Wien/ Berlin – Ein dem Nachrichtenmagazin "Der Spiegel" und der "Kronen Zeitung" vorliegender Brief bringt Österreichs Ex-Bundeskanzler Alfred Gusenbauer mit der Affäre rund um den Ex-Botschafter Kasachstans, Rachat Alijew, in Verbindung.

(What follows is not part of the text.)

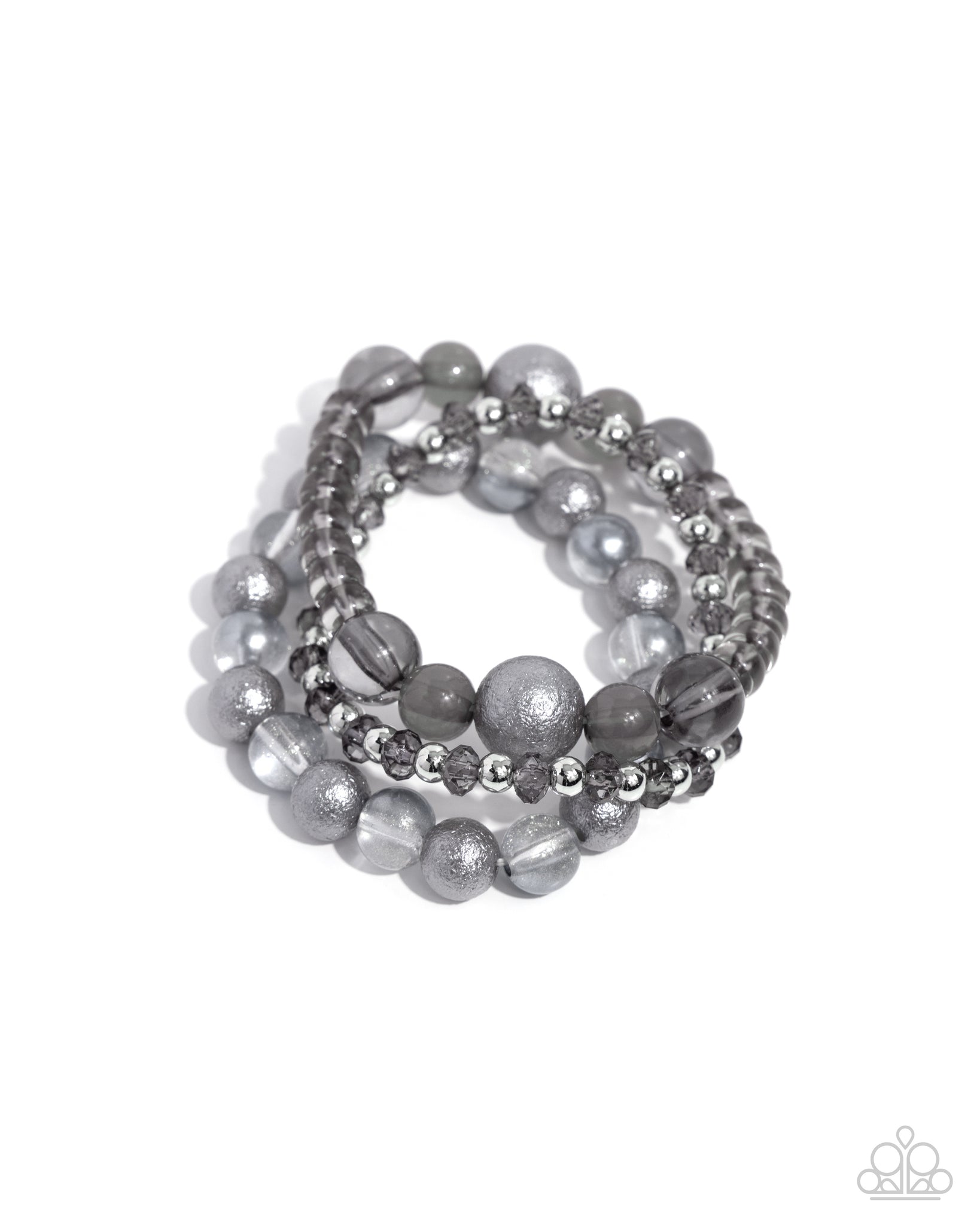 Quiet Shade milky, clear, and glittery beads in varying sizes and faceted details combine with sleek silver beads along elastic stretchy bands for a colorful stack.

In der "ZiB 2" verteidigte sich Gusenbauer: Er habe sich über den Fall "weder mit einem Journalisten, noch mit einem Richter, noch mit Beamten" unterhalten, die sich damit beschäftigten, sagte er. Für seine Tätigkeit im "Independent International Advisory Council" (IIAC) des kasachischen Diktators Nursultan Nasarbajew soll Gusenbauer 400.000 Euro jährlich erhalten.

Gemeinsam mit seinen Kollegen im internationalen Beraterkreis trage er lediglich dazu bei, dass in Kasachstan Reformen durchgeführt würden und dass es zu internationalen Vereinbarungen, nicht zuletzt auch mit der Europäischen Union komme, erklärte Gusenbauer seine Beratertätigkeit für die kasachische Regierung. (red/APA, 15.6.2015)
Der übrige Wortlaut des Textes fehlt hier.